Though well known for his oil paintings, Monet also worked in other materials such as pastels. . Measuring 39 cm by 23 cm, it is one of his larger pastel drawings.
This dreamy, mesmeric depiction of a coastal scene is highly Impressionistic in its rich use of colour and emotional and dynamic effect.
It was in 1874 that the term Impressionism had, thanks to Monet, begun to be used to describe the school of art to which he belonged. Thus, Etretat, the Needle Rock and Porte d'Aval can definitely be categorised as an example of Impressionism.
Etretat is a real place on the Normandy coast line, and the Needle Rock of the art work's title can clearly be seen just off the centre of the paper.
The fact that Monet was capturing a real spot in France in Etretat, the Needle Rock and Porte d'Aval is very much typical of his work. Like the other key Impressionists, Money preferred to paint and draw in the en plein aire style - this meant carrying a portable easel and artist's materials and creating works of art out in the open air right in front of the natural features or other objects that he was depicting.
Painting in this way also enabled Monet to take what was almost a snapshot of particular times and seasons in particular places, and in so doing he paid particular attention to the way that light worked.

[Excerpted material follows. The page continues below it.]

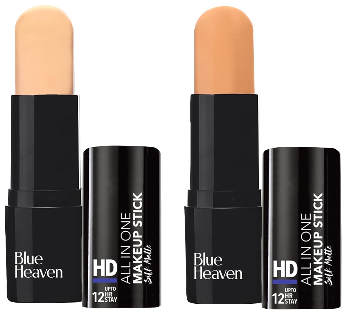 Blue Heaven HD All In One Makeup Stick Natural Finish Honey 10gBlue Heaven HD All-in-One Makeup Stick is the ultimate multi-utility makeup solution. Use it as a foundation to get the perfect base concealer to blur imperfections colour correct to correct undertones and contour to highlight your favourite features. Available in 6 shades to match every Indian skin-tone. Easy to carry and easy on the pocket tooBlue Heaven HD All In One Makeup Stick Silk Matte - 101 Vanilla-Very Fair 10gmBlue Heaven HD All-in-One Makeup Stick is the ultimate multi-utility makeup solution. Use it as a foundation to get the perfect base concealer to blur imperfections colour correct to correct undertones and contour to highlight your favourite features. Available in 6 shades to match every Indian skin-tone. Easy to carry and easy on the pocket too.

All of this can be seen in Etretat, the Needle Rock and Porte d'Aval, which is a moody and yet energetic piece of work.
The emphasis placed on the solidity and opacity of the rock in the foreground are balanced against the metallic hues of the sea and sky, all of which almost enable us to feel the atmosphere of the piece - it seems to be a cold yet quite calm day at sea.
By the time that he came to paint Etretat, the Needle Rock and Porte d'Aval, Monet's career had significantly shifted. In the previous decade, he had focused on painting urban subjects and modern themes. Then, he turned his attention to a new category of art works: those that depicted natural phenomena, often as part of a series of works of the same phenomena at different times of day and year and from different angles.
Etretat, the Needle Rock and Porte d'Aval belongs firmly to this second category of art works. It depicts a natural scene, and it was one of several depictions of Etretat and the Porte d'Aval that Monet completed in his life time. Unlike the piece currently being discussed, however, most of these other works were executed using his more usual method of oil on canvas.
So, Etretat, the Needle Rock and Porte d'Aval both stands out from and fits in to the series of pieces that he created in this area.